Bug 1200764 - [AFR] Core dump and crash observed during disk replacement case
Summary: [AFR] Core dump and crash observed during disk replacement case
Keywords:
Status: CLOSED CURRENTRELEASE
Alias: None
Product: GlusterFS
Classification: Community
Component: replicate
Version: 3.5.3
Hardware: x86_64
OS: Linux
unspecified
urgent
Target Milestone: ---
Assignee: Ravishankar N
QA Contact:
URL:
Whiteboard:
Depends On:
Blocks: 1200677
TreeView+ depends on / blocked
 
Reported: 2015-03-11 11:06 UTC by Ravishankar N
Modified: 2015-06-03 21:09 UTC (History)
4 users (show)

Fixed In Version: glusterfs-3.5.4
Doc Type: Bug Fix
Doc Text:
Clone Of: 1200677
Environment:
Last Closed: 2015-06-03 21:09:17 UTC
Regression: ---
Mount Type: ---
Documentation: ---
CRM:
Verified Versions:


Attachments (Terms of Use)

Description Ravishankar N 2015-03-11 11:06:49 UTC
+++ This bug was initially created as a clone of Bug #1200677 +++

Description of problem:

Crash and core dump observed during disk replacement

Version-Release number of selected component (if applicable):

[root@rhsauto024 tmp]# rpm -qa | grep glusterfs
glusterfs-libs-3.6.0.50-1.el6rhs.x86_64
samba-glusterfs-3.6.509-169.4.el6rhs.x86_64
glusterfs-devel-3.6.0.50-1.el6rhs.x86_64
glusterfs-api-3.6.0.50-1.el6rhs.x86_64
glusterfs-fuse-3.6.0.50-1.el6rhs.x86_64
glusterfs-server-3.6.0.50-1.el6rhs.x86_64
glusterfs-geo-replication-3.6.0.50-1.el6rhs.x86_64
glusterfs-rdma-3.6.0.50-1.el6rhs.x86_64
glusterfs-debuginfo-3.6.0.50-1.el6rhs.x86_64
glusterfs-3.6.0.50-1.el6rhs.x86_64
glusterfs-cli-3.6.0.50-1.el6rhs.x86_64


How reproducible:

1/1

Tests steps:
====================
1. Create a  1 x 2 replicate volume. Start the volume. 

2. Create fuse mount. Create files and directories from mount. 

3. Bring down brick2. Simulate disk replacement (kill the brick2, remove the contents of brick2 including the ".glusterfs" directory)

4. Bring back brick2. 

5. add a iptable rule on brick1 to block the incoming data to brick1 port so that mount process have a disconnect to brick1. (simulating network dis-connection)

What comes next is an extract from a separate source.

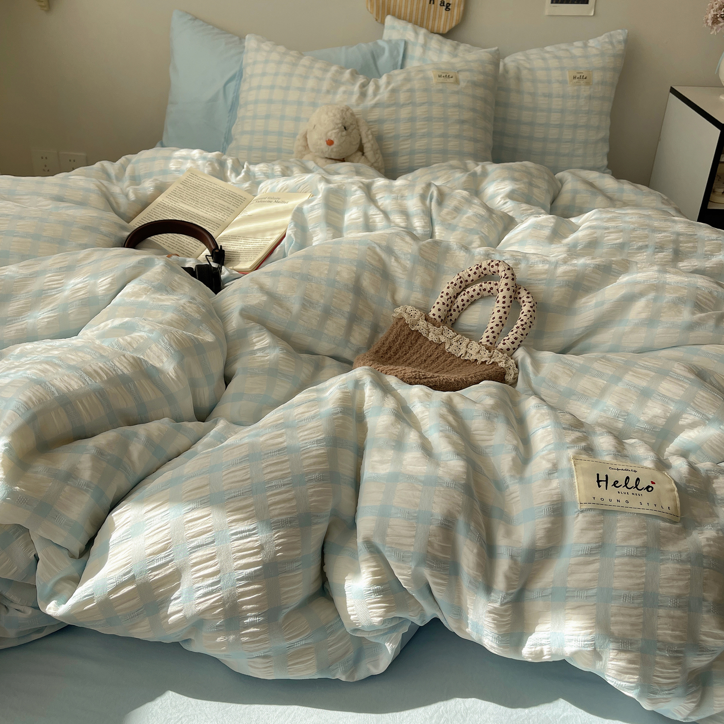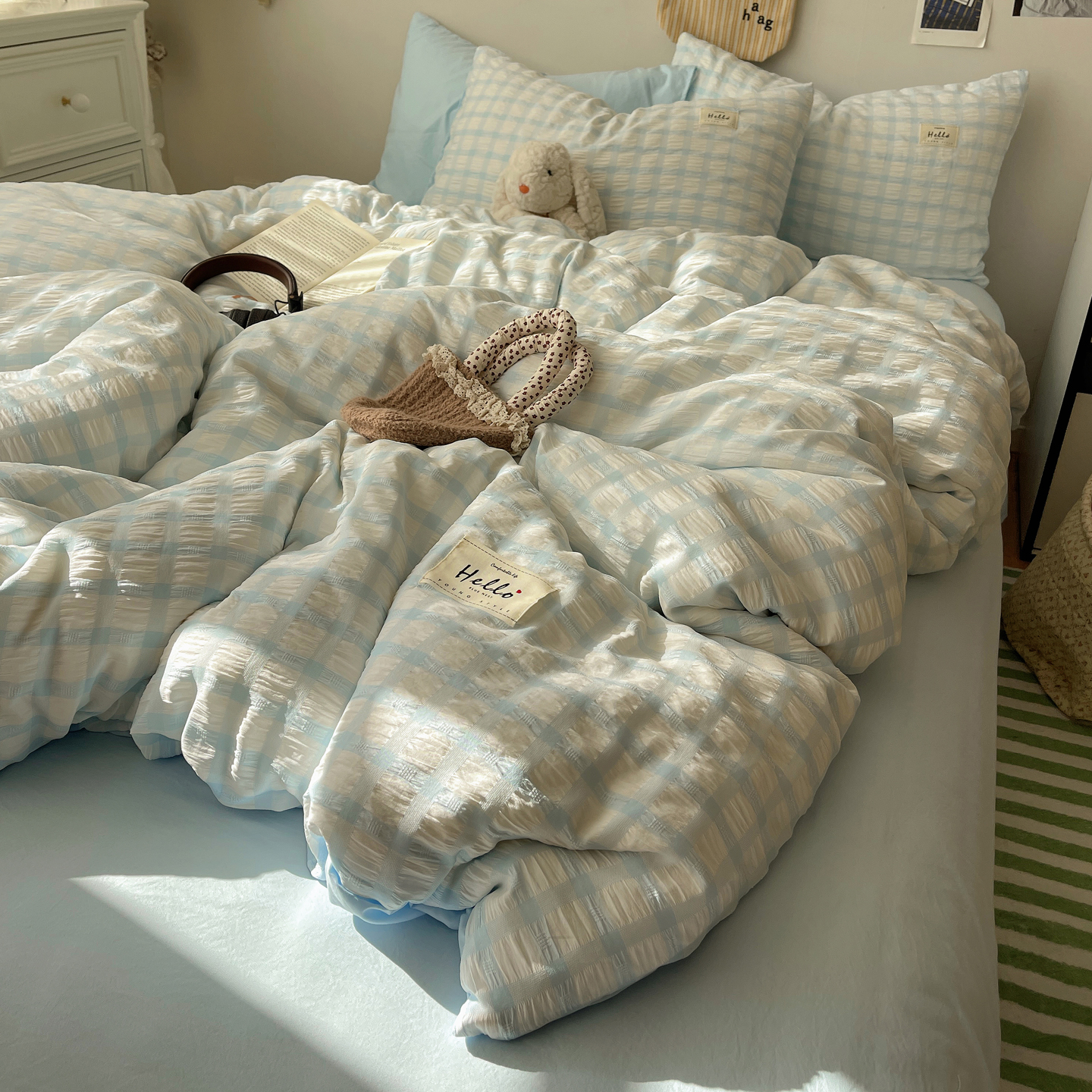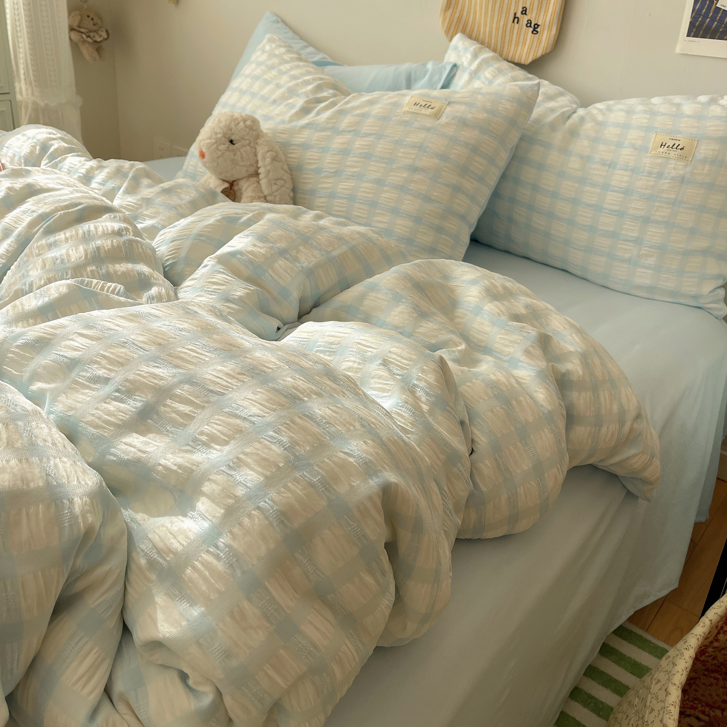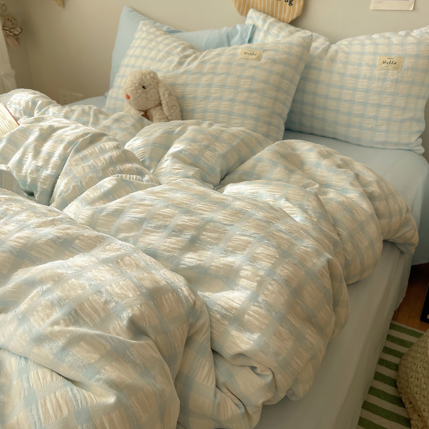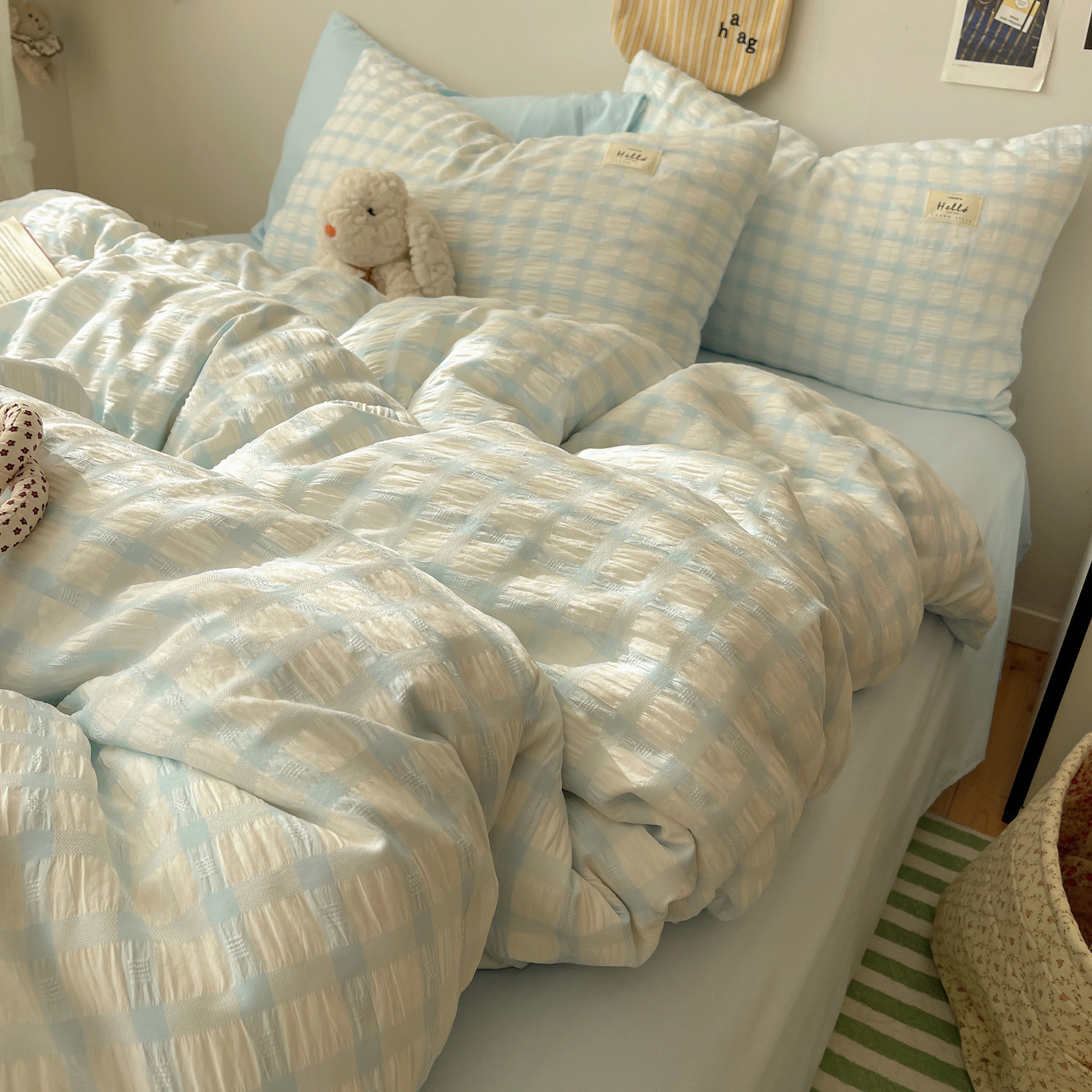 当前位置: 91家纺网 > 商品网购 > 床品套件 > 四件套 > 双层纱四件套 > 顾里2025新款韩系格子阳离子泡泡纱四件套-第二组 天空蓝格

6. create files and directory from mount.

7. remove the iptables rule to allow the brick1 port so that mount reconnects.
 

Actual results:

Crash and Core dump observed

Expected results:



Additional info:

--- Additional comment from RHEL Product and Program Management on 2015-03-11 03:32:37 EDT ---

Since this issue was entered in bugzilla, the release flag has been
set to ? to ensure that it is properly evaluated for this release.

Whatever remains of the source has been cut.